Work item
Output each record below exactly. No images go in the copy.

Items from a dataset
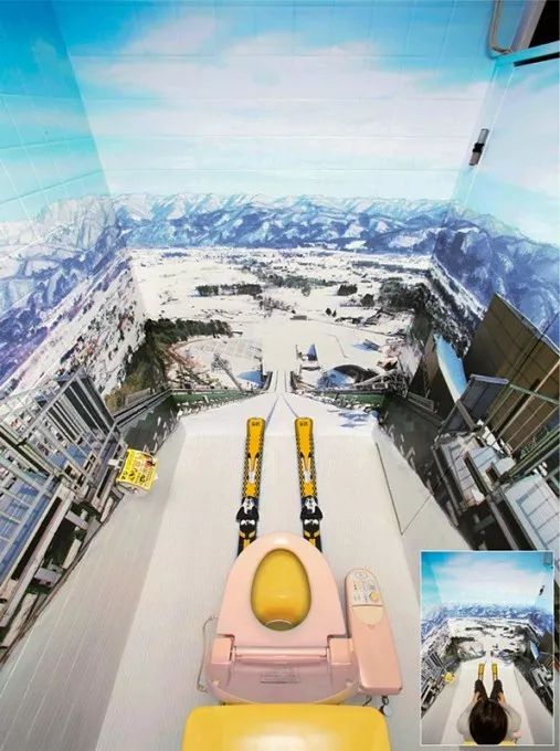 这里可以让你体验到坐在滑雪跳台上的刺激,这间厕所建立在长野县斑尾高原滑雪场的“レストランハイジ”,逼真的环境,让人有一种莫名的悸动。
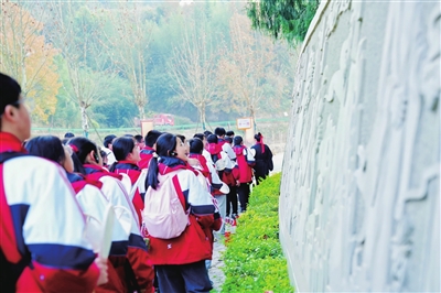 学生在盐亭华夏母亲嫘祖国家纪念公园参加研学活动。 记者 彭紫薇 摄
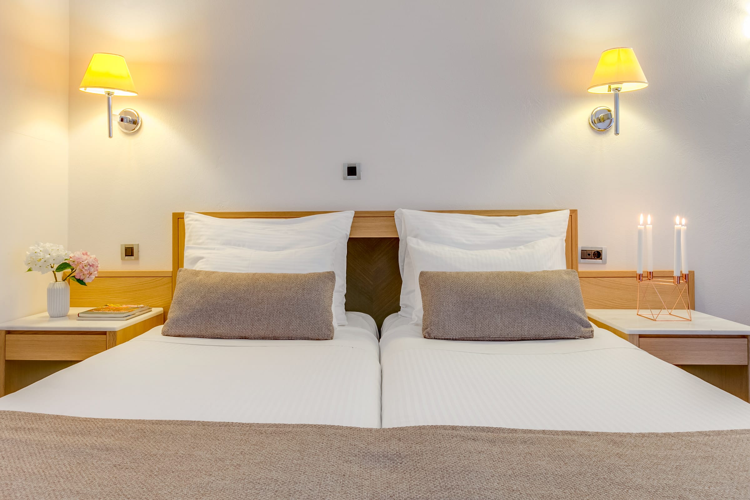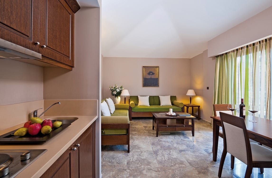 L’hotel è stato elegantemente progettato con sistemazioni confortevoli e una vasta gamma di servizi. Ci sono varie tipologie di camere: doppie standard, Maisonettes, camere familiari, camere familiari con piscina privata, appartamenti, monolocali, suite executive e suite con piscina privata, tutte dotate di aria condizionata, balcone o terrazza, bagno/WC, asciugacapelli , TV satellitare, accesso internet (ISDN), telefono diretto, cassaforte, frigobar su richiesta.
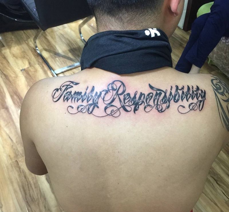 当前位置: 首页 >重庆市纹身店-重庆天墨堂刺青店纹身图案>花体字纹身图片_成品背部传统字符纹身图案
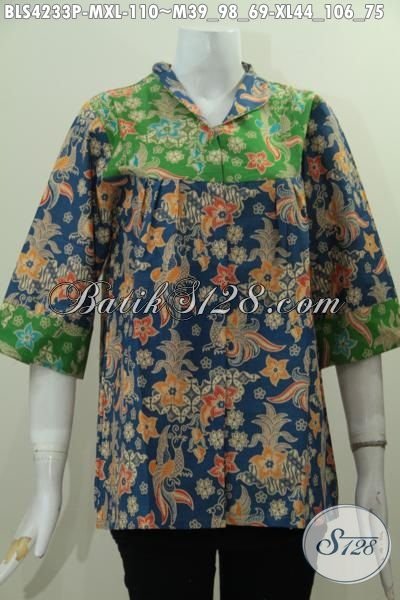 Jual Online Pakaian Batik Modern Berbahan Halus Desain Istimewa Untuk Wanita Muda Dan Dewasa, Baju Batik Halus Motif Elegan Proses Printing Untuk Ke Pesta [BLS4233P-M , XL]
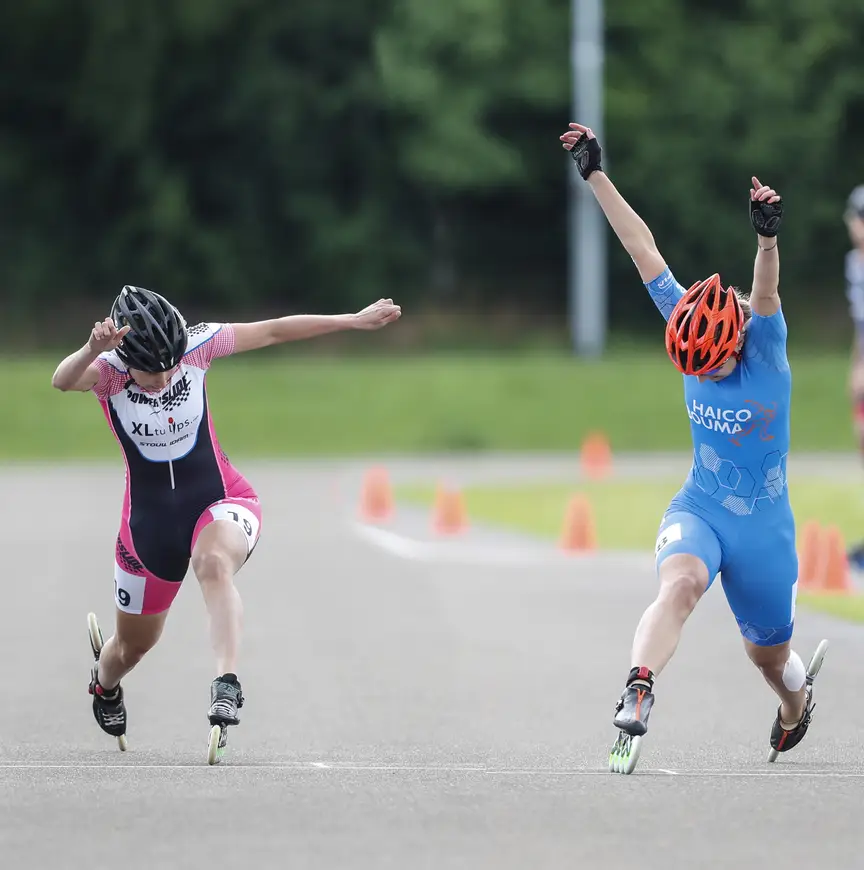 Vandaag lette de Friezin daarom extra goed op ‘normaal skeeleren’, en met succes. In de one lap-finale bleef ze haar grootste concurrente Roosenboom na een snelle start en spectaculaire fotofinish voor. “Dit was mijn eerste spagaatfinish voor het echie”, luidt het enthousiast. “De eerste keer dat ik hem echt nodig had voor de overwinning.”
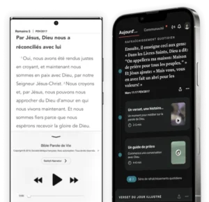 Emporte la Parole de Dieu partout avec toi grâce à la Bible App gratuite : lecture, audio, prières et partages, dans plus de 2 400 versions et 1 600 langues, sur tous tes appareils.
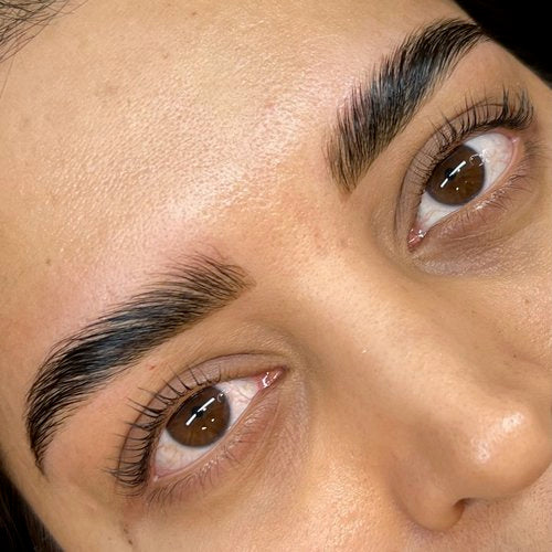 A brow-smoothing treatment that lifts, softens, and restructures the brow hairs for a fuller, fluffier look. It creates soft volume and redirects the hairs without the stiffness of brow gel.
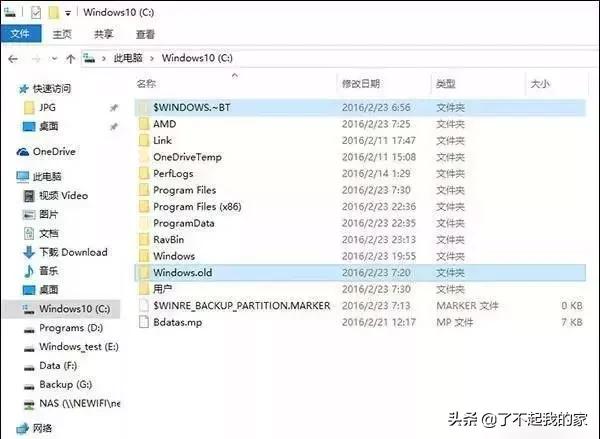 原来微软为了保存之前系统中的用户文件和数据,会准备几个临时文件夹,其中重要的两个就是“$Windows.~BT”和“Windows.old”:

Expected answer
 这里可以让你体验到坐在滑雪跳台上的刺激,这间厕所建立在长野县斑尾高原滑雪场的“レストランハイジ”,逼真的环境,让人有一种莫名的悸动。
 学生在盐亭华夏母亲嫘祖国家纪念公园参加研学活动。 记者 彭紫薇 摄
 L’hotel è stato elegantemente progettato con sistemazioni confortevoli e una vasta gamma di servizi. Ci sono varie tipologie di camere: doppie standard, Maisonettes, camere familiari, camere familiari con piscina privata, appartamenti, monolocali, suite executive e suite con piscina privata, tutte dotate di aria condizionata, balcone o terrazza, bagno/WC, asciugacapelli , TV satellitare, accesso internet (ISDN), telefono diretto, cassaforte, frigobar su richiesta.
 当前位置: 首页 >重庆市纹身店-重庆天墨堂刺青店纹身图案>花体字纹身图片_成品背部传统字符纹身图案
 Jual Online Pakaian Batik Modern Berbahan Halus Desain Istimewa Untuk Wanita Muda Dan Dewasa, Baju Batik Halus Motif Elegan Proses Printing Untuk Ke Pesta [BLS4233P-M , XL]
 Vandaag lette de Friezin daarom extra goed op ‘normaal skeeleren’, en met succes. In de one lap-finale bleef ze haar grootste concurrente Roosenboom na een snelle start en spectaculaire fotofinish voor. “Dit was mijn eerste spagaatfinish voor het echie”, luidt het enthousiast. “De eerste keer dat ik hem echt nodig had voor de overwinning.”
 Emporte la Parole de Dieu partout avec toi grâce à la Bible App gratuite : lecture, audio, prières et partages, dans plus de 2 400 versions et 1 600 langues, sur tous tes appareils.
 A brow-smoothing treatment that lifts, softens, and restructures the brow hairs for a fuller, fluffier look. It creates soft volume and redirects the hairs without the stiffness of brow gel.
 原来微软为了保存之前系统中的用户文件和数据,会准备几个临时文件夹,其中重要的两个就是“$Windows.~BT”和“Windows.old”:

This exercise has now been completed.